Recordar la revolución popular sandinista del 19 de julio, a 43 años de su entrada triunfal en Managua tras la caída del dictador Anastasio Somoza, tiene un sabor que es todo menos ritual. Significa empujar las esperanzas, los resultados y las banderas más allá de la cortina de humo que envuelve al pequeño país centroamericano, considerado por Washington como parte del «eje del mal», junto a Cuba y Venezuela. En efecto, es difícil para quien no tiene ya una brújula bien orientada encontrar noticias positivas sobre la última revolución armada en América Latina.
Desde hace varios años, los aparatos de control ideológico se han empeñado en ello, valiéndose de todas las herramientas de la propaganda bélica para demoler el legado de aquella revolución: transformar una grieta en un barranco, y al mismo tiempo aureolar a mercenarios y tarifados en las habituales armadas del Bien. Si la destrucción de los símbolos de opresión es fundamental para las revoluciones, también lo es la destrucción de los símbolos revolucionarios por parte de los vencedores.
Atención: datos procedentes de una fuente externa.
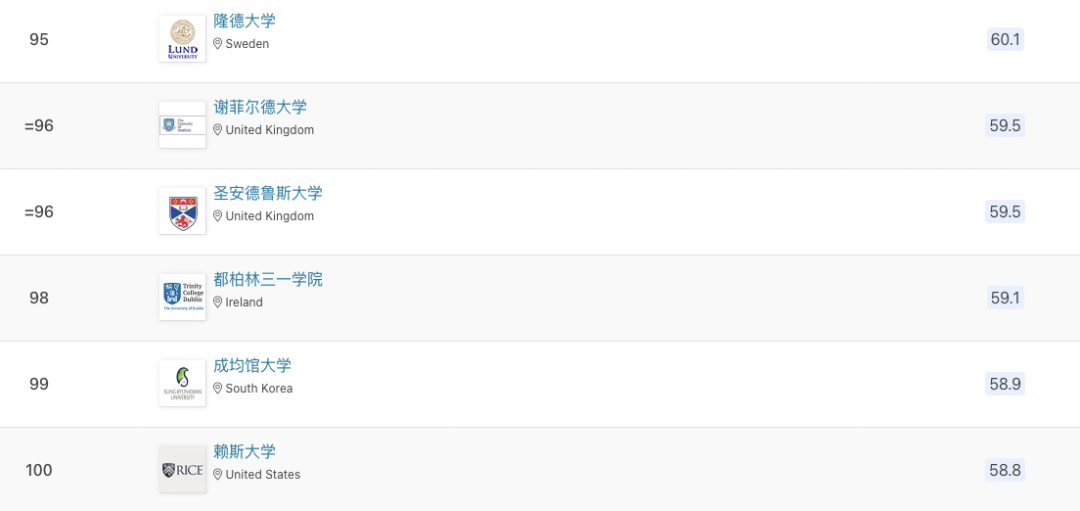 除以上大学以外,伦敦政治经济学院、华威大学、格拉斯哥大学、南安普顿大学、伯明翰大学、谢菲尔德大学、杜伦大学以及圣安德鲁斯大学也均保持在了世界前100高校的行列。

La narrativa occidental dominante es que la Nicaragua sandinista es hoy una especie de infierno del que todos escapan, atrapados en las garras de una «pareja diabólica». Un país que espera ser «liberado» por el gendarme del mundo con su incomparable «democracia». Un camino que se abrirá con bombas silenciosas -medidas coercitivas unilaterales ilegales- prodigadas con gran éxito tanto por la administración estadounidense como por los vasallos europeos.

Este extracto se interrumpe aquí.